### DATA SEGMENT
+++
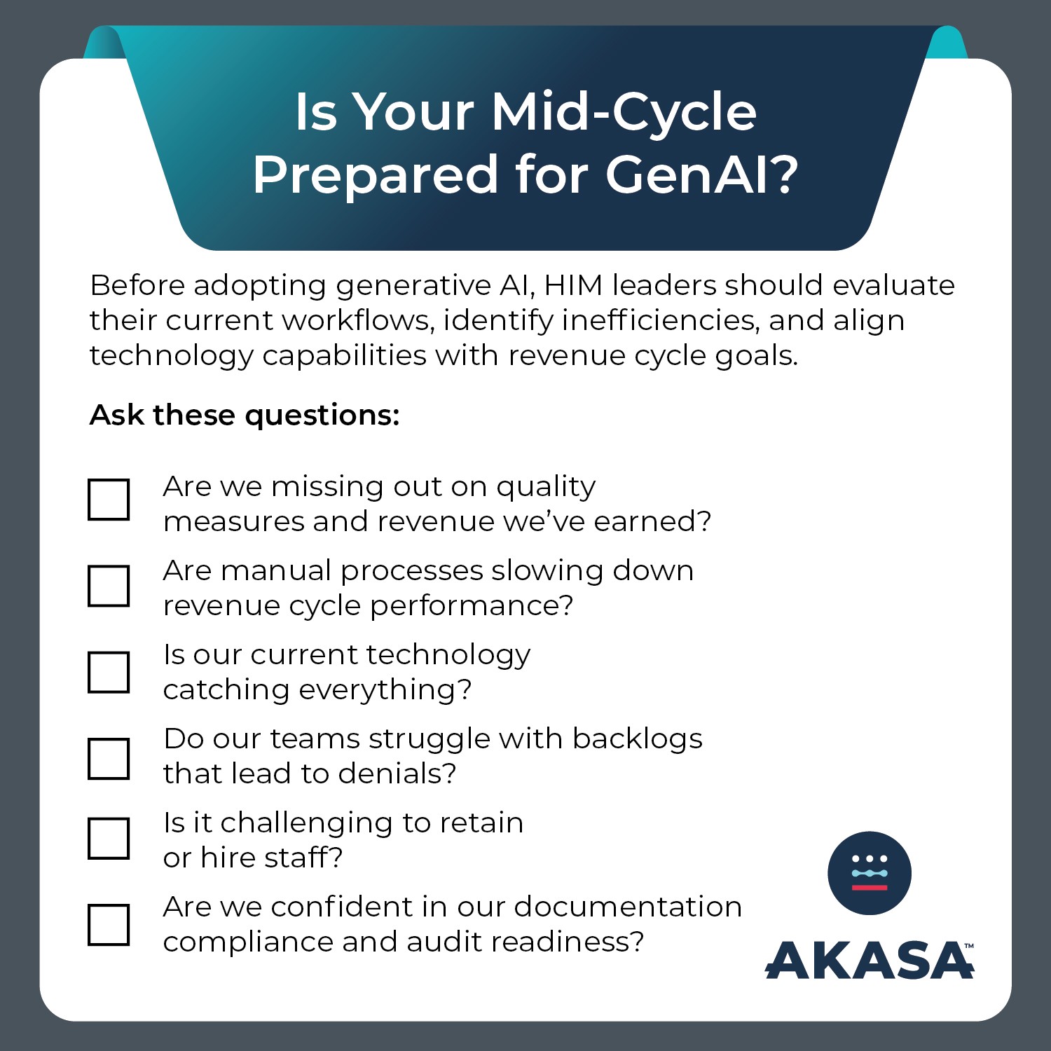 Use this checklist to uncover gaps in your mid-revenue cycle operations that generative AI can help solve. By checking off these common challenges, you’ll see where GenAI can boost efficiency, reduce denials, and strengthen documentation and compliance.
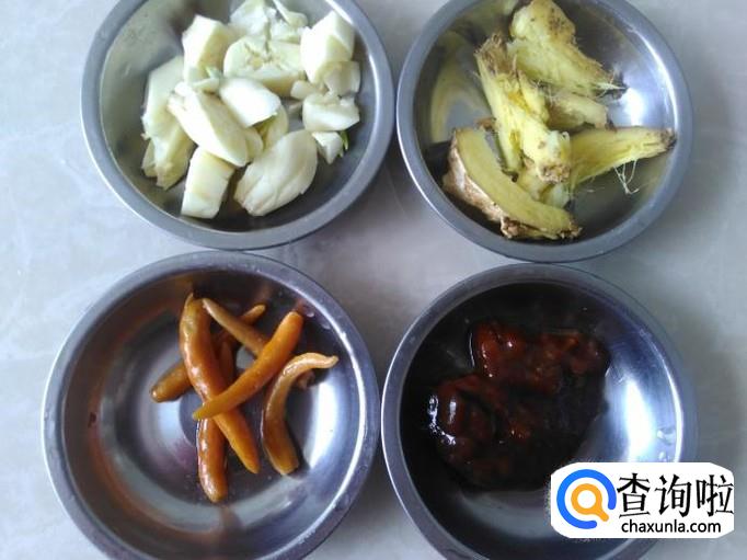 蒜米、老姜、泡椒、豆酱准备好。
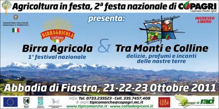 Dal 21 al 23 Ottobre 2011 nello splendido scenario della Riserva Naturale dell'Abbadia di Fiastra - Tolentino (MC) tre giorni all'insegna del bel vivere con incontri culturali, concerti, gastronomia, mostra mercato delle tipicità con oltre 50 espositori, spettacoli, folklore e tantissima birra di qualità (si chiama birra agricola perche gli ingredienti e tutto il processo di fermentazione vengono prodotti in azienda agraria) con oltre 50 tipologie diverse. UN APPUNTAMENTO DA NON PERDERE CON INGRESSO LIBERO. info: www.tipicomarche.it
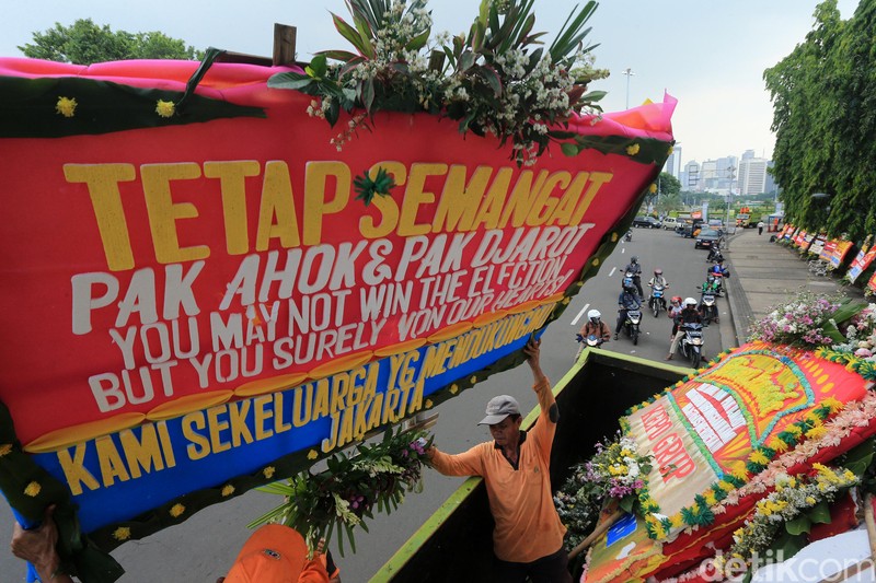 Karangan Bunga untuk Ahok Kelilingi Monas BAGIKAN URL telah disalin Petugas Dinas Kebersihan DKI memindahkan karangan bunga untuk Ahok-Djarot ke pagar Monas, Kamis (27/4/2017). Beberapa petugas menurunkan karangan bunga dari atas truk untuk diletakkan di depan pagar Monas. Karangan bunga itu diletakkan di luar pagar yang menghadap ke jalan bukan di dalam area Monas. Pemprov DKI mengklaim sudah ada 2.700 karangan bunga yang diterima di Balai Kota. Petugas Dinas Kebersihan DKI memindahkan karangan bunga ke pagar Monas. Tak sedikit dari warga yang berfoto-foto di depan karangan bunga untuk Ahok-Djarot.
+++
Omitting all pictures, restate exactly the lines of the material from its start through the line that contains "Dal 21 al 23".

### REPLY
 Use this checklist to uncover gaps in your mid-revenue cycle operations that generative AI can help solve. By checking off these common challenges, you’ll see where GenAI can boost efficiency, reduce denials, and strengthen documentation and compliance.
 蒜米、老姜、泡椒、豆酱准备好。
 Dal 21 al 23 Ottobre 2011 nello splendido scenario della Riserva Naturale dell'Abbadia di Fiastra - Tolentino (MC) tre giorni all'insegna del bel vivere con incontri culturali, concerti, gastronomia, mostra mercato delle tipicità con oltre 50 espositori, spettacoli, folklore e tantissima birra di qualità (si chiama birra agricola perche gli ingredienti e tutto il processo di fermentazione vengono prodotti in azienda agraria) con oltre 50 tipologie diverse. UN APPUNTAMENTO DA NON PERDERE CON INGRESSO LIBERO. info: www.tipicomarche.it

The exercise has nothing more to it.